Study material:
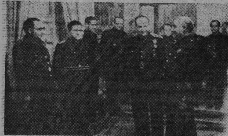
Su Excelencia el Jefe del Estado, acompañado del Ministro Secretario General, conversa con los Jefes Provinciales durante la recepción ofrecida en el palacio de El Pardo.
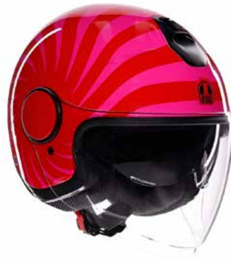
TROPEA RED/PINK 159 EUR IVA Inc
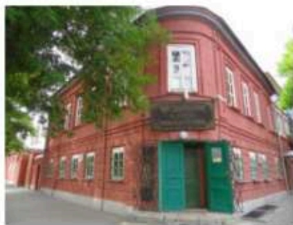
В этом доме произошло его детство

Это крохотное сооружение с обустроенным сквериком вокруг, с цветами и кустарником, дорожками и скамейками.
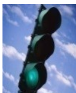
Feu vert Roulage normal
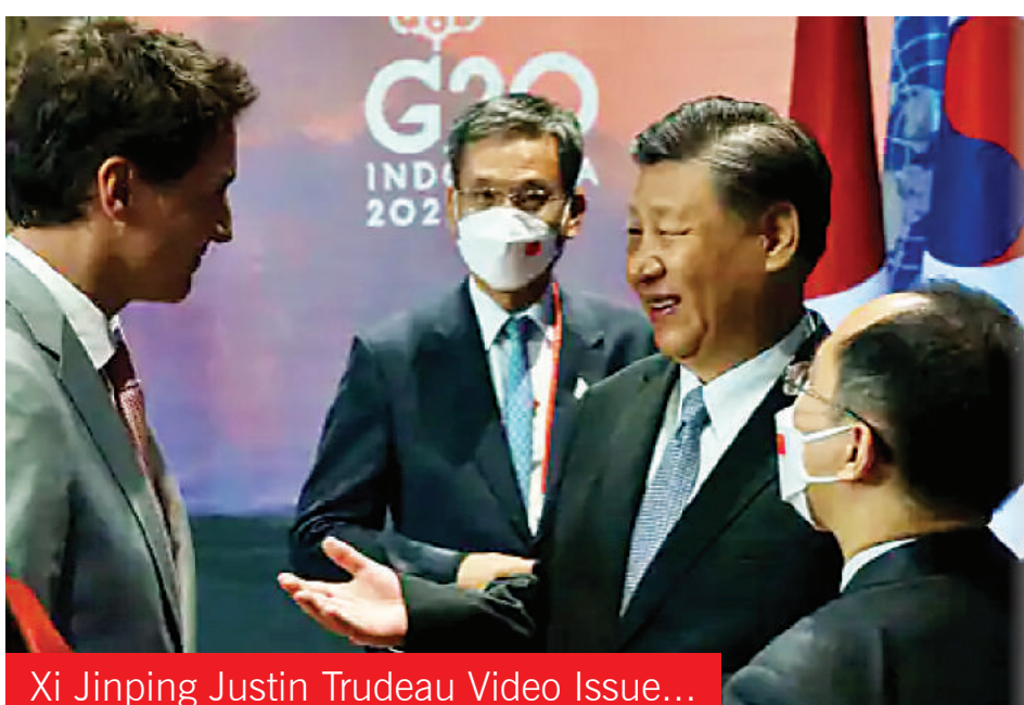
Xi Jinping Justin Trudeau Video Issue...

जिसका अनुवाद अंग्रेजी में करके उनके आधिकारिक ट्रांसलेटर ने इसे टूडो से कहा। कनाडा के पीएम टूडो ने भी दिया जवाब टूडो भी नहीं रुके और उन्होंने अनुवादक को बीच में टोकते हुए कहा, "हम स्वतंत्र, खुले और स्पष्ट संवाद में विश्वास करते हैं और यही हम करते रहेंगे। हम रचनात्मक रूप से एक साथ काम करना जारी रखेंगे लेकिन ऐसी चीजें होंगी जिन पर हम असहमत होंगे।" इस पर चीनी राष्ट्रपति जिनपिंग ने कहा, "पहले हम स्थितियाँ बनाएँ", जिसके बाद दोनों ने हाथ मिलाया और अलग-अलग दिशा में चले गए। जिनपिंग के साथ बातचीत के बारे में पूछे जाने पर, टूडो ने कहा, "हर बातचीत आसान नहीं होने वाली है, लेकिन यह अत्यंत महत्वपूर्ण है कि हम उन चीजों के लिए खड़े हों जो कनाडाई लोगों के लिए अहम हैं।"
...
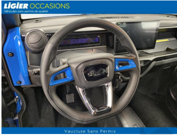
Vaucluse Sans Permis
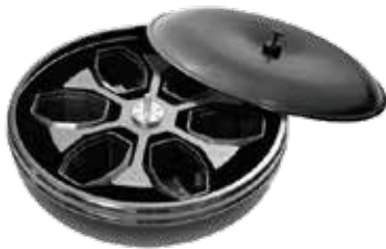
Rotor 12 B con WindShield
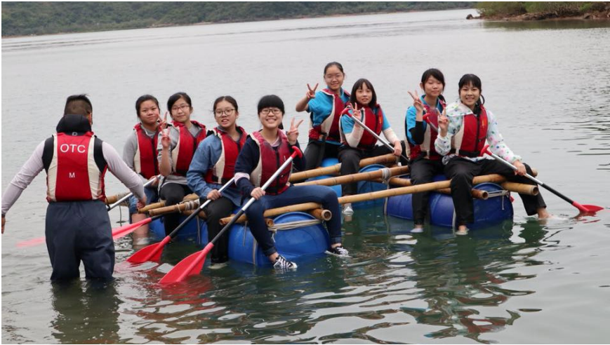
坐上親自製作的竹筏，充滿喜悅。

Your instructions: Would you copy, word for word, only the lines above from the one containing "Vaucluse Sans Permis" through the one containing "坐上親自製作的竹筏，充滿喜悅。", both included, and please leave out the pictures?

Solution to this problem:
Vaucluse Sans Permis
Rotor 12 B con WindShield
坐上親自製作的竹筏，充滿喜悅。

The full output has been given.